= Nations not competing at the 2006 Winter Olympics =

Some countries hoped to compete in the 2006 Winter Olympics but did not do so.

==Iraq==

Flag of Iraq

Faisal Faisal failed to qualify for skeleton.

Iraq has never competed at a Winter Olympics.

==Jamaica==

Flag of Jamaica

Jamaica did not send any athletes to the 2006 Winter Olympics. Jamaica's bobsleigh team—Led by Chris Stokes, and coached by Wayne Thomas— failed to qualify for the Games. However, former Jamaican bobsledder Lascelles Brown, who was born in Jamaica, and obtained Canadian citizenship in January 2006 by parliamentary decree, participated with Pierre Lueders in the 2-man and 4-man events and won Silver in the 2-man, and finished 4th in the 4-man.

Jamaica has competed in every other Winter Olympics from 1988 through 2026.

==Mexico==

Flag of Mexico

Mexico did not send any athletes to the 2006 Winter Olympics. The teams for bobsleigh and skeleton both failed to qualify for the Games. Alpine skier Hubertus von Hohenlohe had gained enough FIS points to qualify for the Olympics, but the Mexican Olympic Committee decided not to send a one-man team to the Games.

von Hohenlohe lobbied strenuously to get to go to what would be his fifth Games, with support from the Turin Committee, the Italian National Olympic Committee (CONI), the IOC, and FIS.

==Morocco==

Flag of Morocco

Morocco qualified to participate at the 2006 Winter Olympics, in Turin, Italy with the representation by Samir Azzimani (who lives in France) and Sarah Ben Mansour (who lives in Belgium), both in alpine skiing. However, they did not appear on the start list at the event.

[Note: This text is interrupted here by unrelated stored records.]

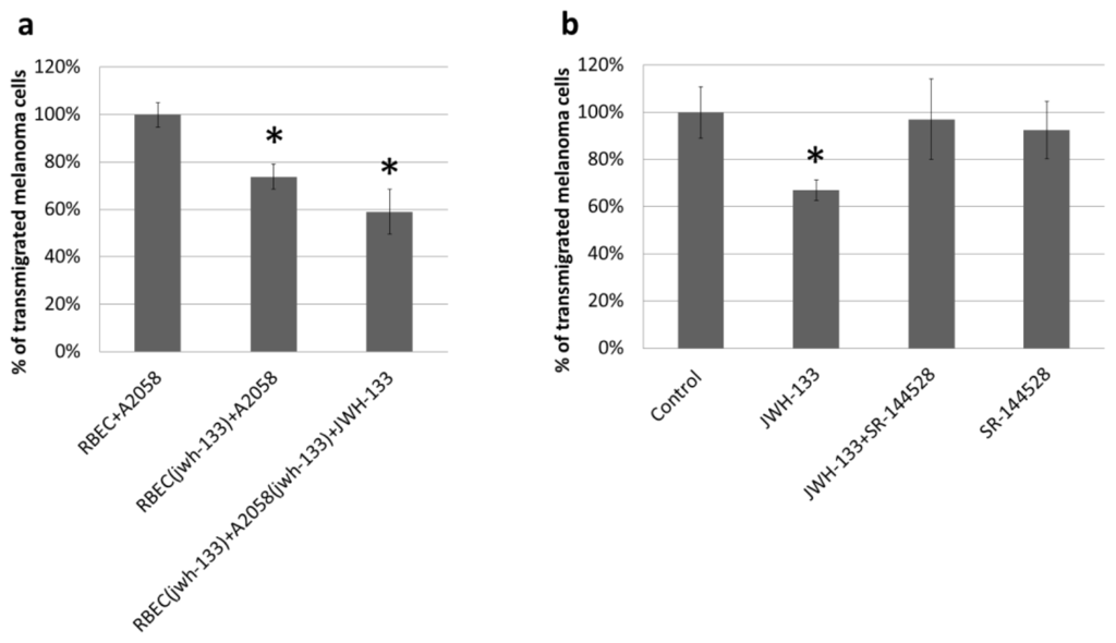 2.3. Effect of CB2 Activation on the Transmigration of Melanoma Cells through Brain Endothelial Cell Layers
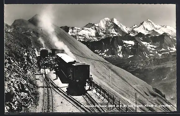AK Brienz, Brienzer-Rothorn mit Bergbahn, Eiger, Mönch und Jungfrau
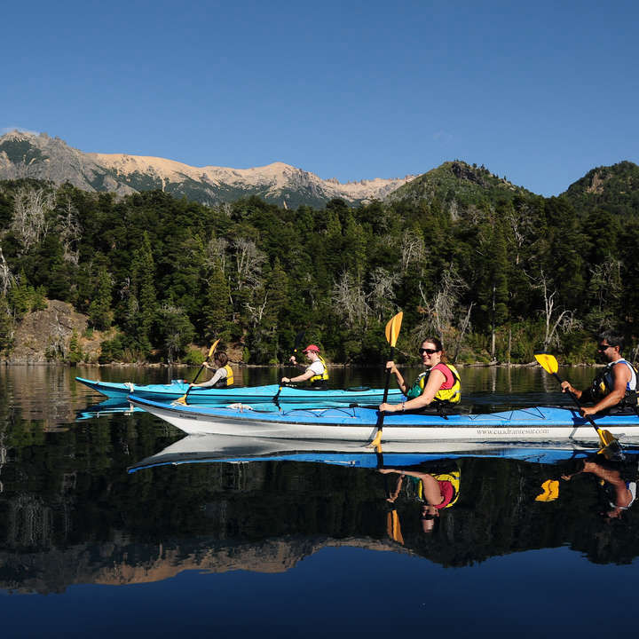 Luego de equiparlos los guías darán una charlas de seguridad, embarcamos comenzamos la navegación. El aproximado de navegación en el lago será de 2 hs., lo que incluye una parada en alguna de sus playas desoladas y paradisíacas para tomar un café, un te o un chocolate caliente con alfajores regionales. Luego de la parada volvemos a embarcar y regresamos a al punto de encuentro. Nos cambiamos y regresamos en unos 20 minutos hasta la ciudad.
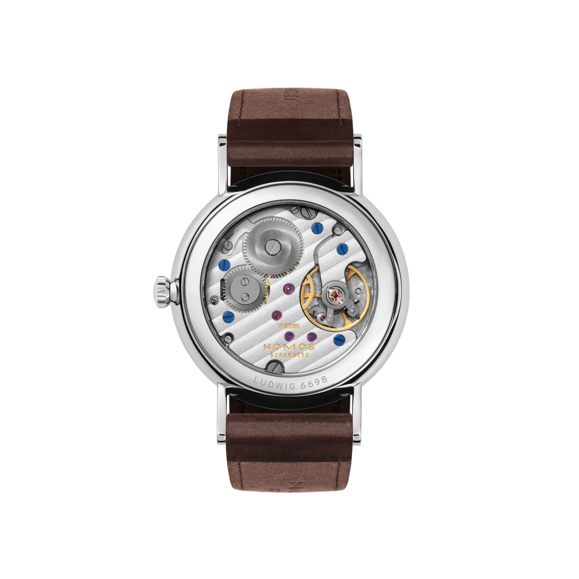 temperaturgebläute Schrauben, rhodinierte Werkoberflächen mit Glashütter Streifenschliff und NOMOS-Perlage, Sperr- und Konrad mit Glashütter Sonnenschliff
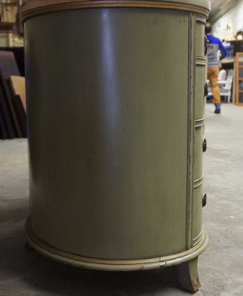 Good antique condition, light wear and distressing from age and use. In the photos, the lion head knockers on the bottom six drawers were facing upwards. These hang down like the top ones.
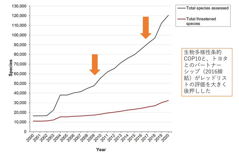 黒線:評価された種の数、赤線:絶滅危惧種の数
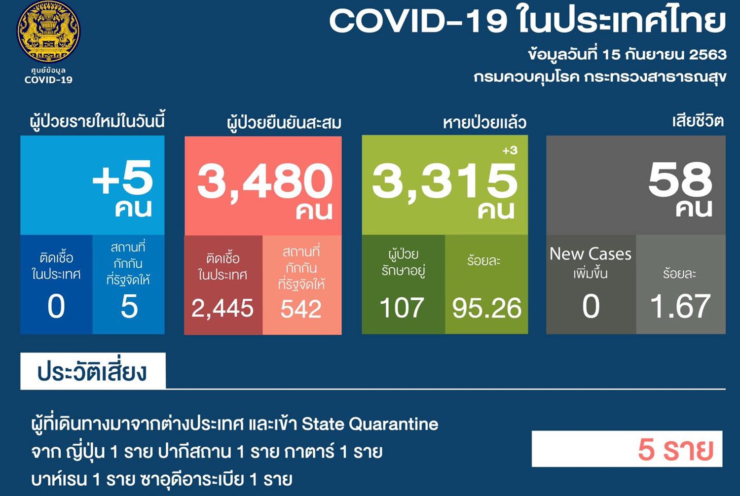 เมื่อวันที่ 15 ก.ย. 63 ศูนย์บริหารสถานการณ์โควิด-19 (ศบค.) รายงานสถานการณ์การแพร่ระบาดของไวรัสโควิด-19 ในประเทศประจำวัน โดยมีเนื้อหาสรุปดังนี้
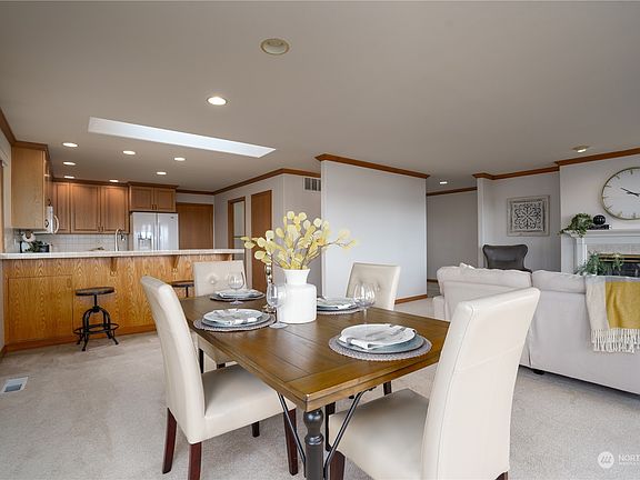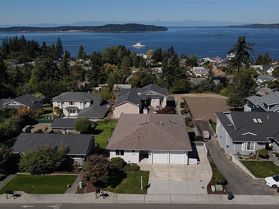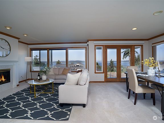 Come home to spectacular sunsets with western view exposure! With its warm natural lighting and skylights, the view follows you almost everywhere inside. Located in the historic Town of Steilacoom (Washington State's oldest town!), you will enjoy the small town feel - but with convenient access to jobs, and to destinations like Chambers Bay and Mount Rainier. This home has serious ADU/mother-in-law unit potential, with its two kitchens *and* two laundry rooms! Turnkey condition, with brand new flooring, a spacious open concept floor plan, and a well-kept yard that sees the water as well. The main floor primary suite enjoys its own private fireplace, so you can stay warm in the cooler months while looking out at the water. Come check it out!
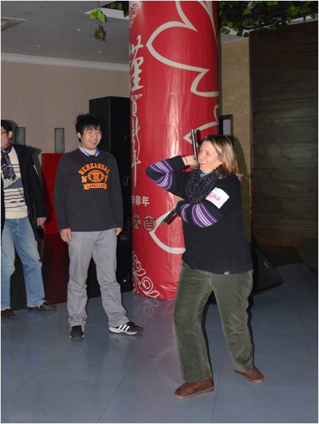 “公益汉语课堂”的志愿者们与外籍“员工”共同体验中国传统文化
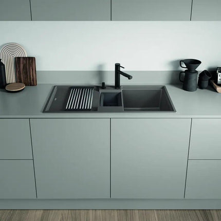 Automatyczny korek z systemem InFino umożliwia sterowanie odpływem bez schylania się i dotykania korka – prostota, która nadaje codziennej rutynie niespotykany komfort. Odwracalny montaż zlewu pozwala na idealne dopasowanie do układu Twojej kuchni, co podnosi komfort użytkowania.
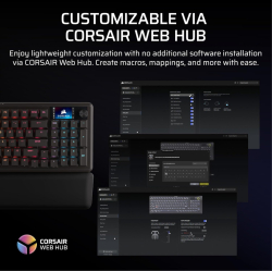 RGB подсветката дава възможност за визуална персонализация, а магнитната поставка за китки повишава комфорта при дълги сесии. Вграден LCD дисплей допринася за по-удобен контрол и бърз преглед на информация, което прави Corsair VANGUARD 96-MLX Plasma-DUAL отличен избор за търсещите премиум механична клавиатура за игри.
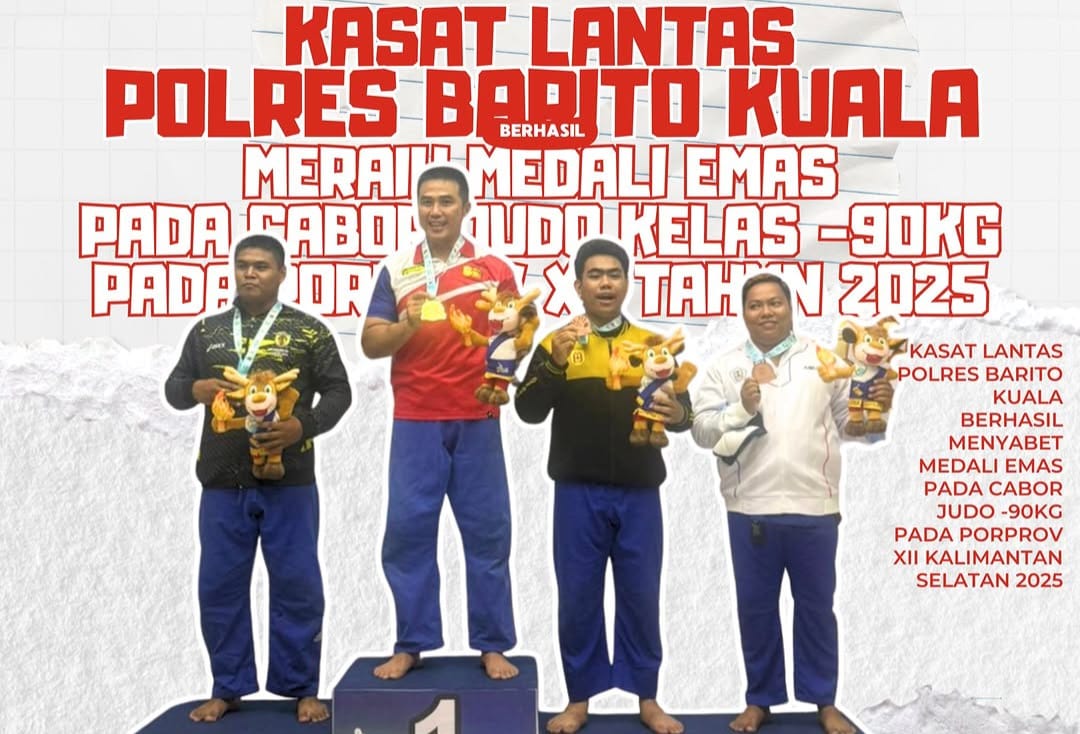 Kepolisian Resor Barito Kuala kembali menorehkan prestasi membanggakan. AKP Rahmat Endro Suprapto S.E., M.I.Kom.,Kepala Satuan Lalu Lintas (Kasat Lantas) Polres Barito Kuala berhasil meraih medali emas pada ajang Pekan Olahraga Provinsi (Porprov) XII Kalimantan Selatan Tahun 2025 dalam Cabang Olahraga Judo, kelas -90 kilogram.
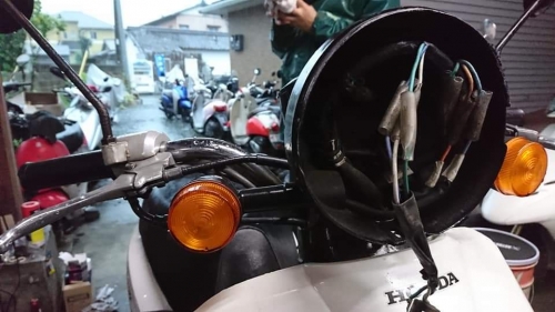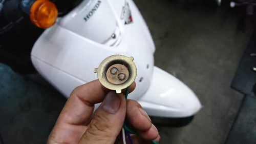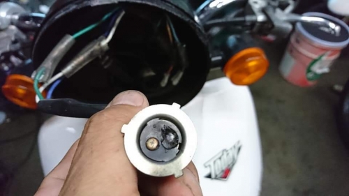 本日水曜定休日は「バイク登録」等へ★2019-08-28 at 10:00AM昨日から続く豪雨。 洪水や河川氾濫が起きぬ様、只々願うばかりです。 バイクを運転される皆様も、気を付けて下さいませ。 そんな中「原付のライトが点かない」修理依頼。 当然、電球交換ですが・・・ ソケット部分、焼けています。 これでは、電球交換しても直ぐに(*_*) 当店ストック品、良品を無料プレゼント。
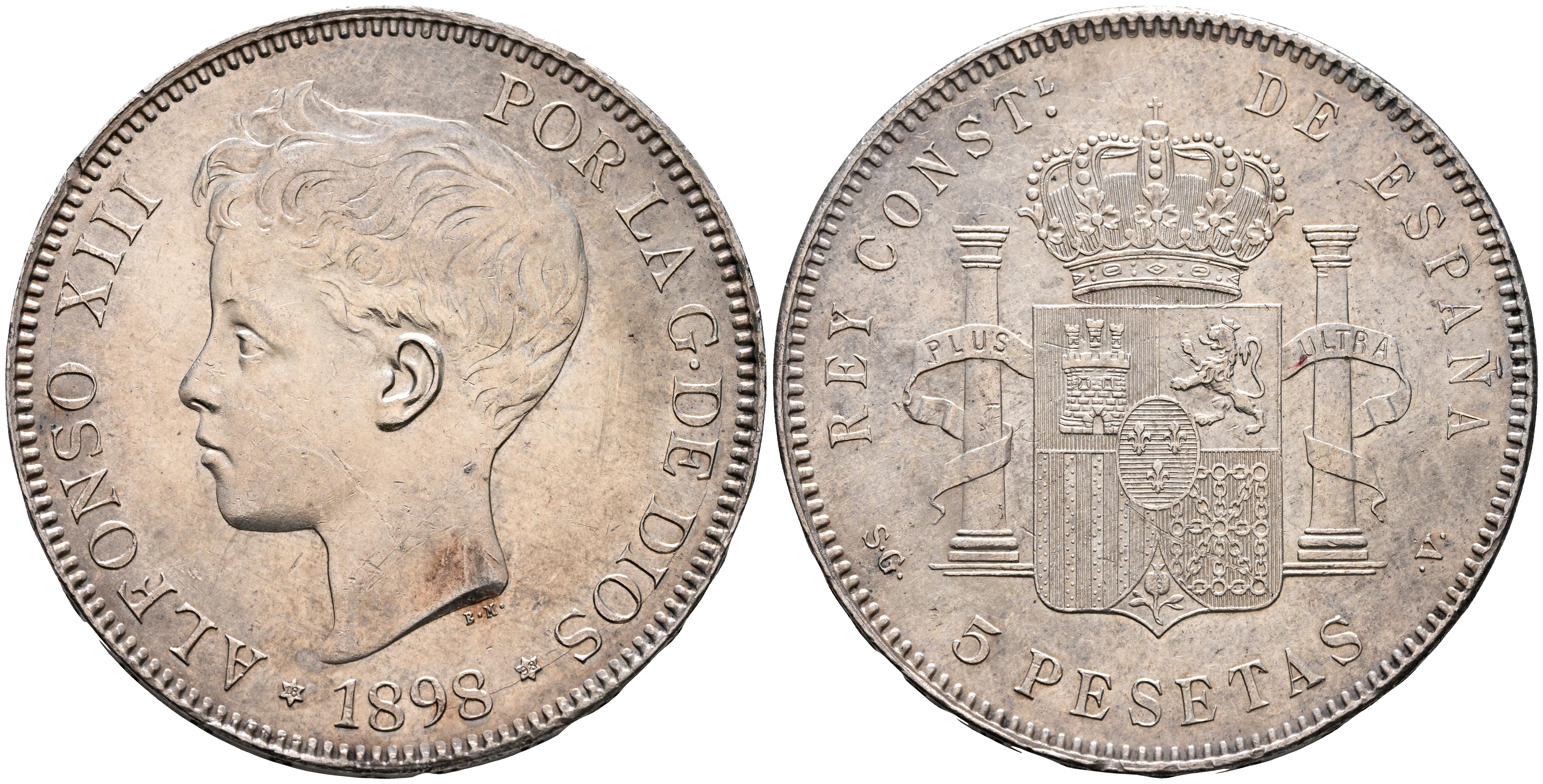 ALFONSO XIII (1885-1931). 5 Pesetas. (Ar. 25,06g/37mm). 1898 *18-98. Madrid SGV. (Cal-2019-109). EBC-.
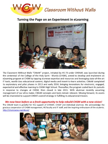 The Classroom Without Walls “CWoW” project, initiated by HS 73 under CHSNAF, was launched during
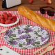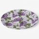 La plaque de papier de fête est montrée dans la taille de neuf pouces avec une belle impression de fleurs lilas. Customisez cet objet ou achetez tel quel. Vendu en paquet de huit. Impression sous licence

Eighteen-year-old Ben Mansour was born outside Antwerp and trains in Flanders. The man-made indoor slope (coincidentally named the Casablanca Ski Centre) that she practices on is small compared to the majestic training grounds of the traditional skiing powers and involves countless numbers of short runs. Ben Mansour has a Belgian father and Moroccan mother, speaks Arabic, and grew up immersed in Muslim culture. Her total African skiing experience is limited to just two days in Morocco's Atlas Mountains, where she gave demonstrations to locals. Ben Mansour reportedly had to cancel because of a knee surgery.

==Pakistan==

Flag of Pakistan

Pakistan was scheduled to send 2 alpine skiers to the 2006 Winter Olympics in Turin, Italy. However, both Muhammed Abbas and Waseem Abbas failed to qualify.

==Peru ==

Flag of Peru

Peru had intended to participate in the Winter Olympic Games for the first time in its history, but failed to appear for the Opening Ceremony, and the four snowboarders failed to register for their events.

==Virgin Islands==

Flag of the Virgin Islands

The United States Virgin Islands sent one competitor, Anne Abernathy, for the women's singles Luge competition; however, she injured her wrist during a crash in practice and was unable to compete.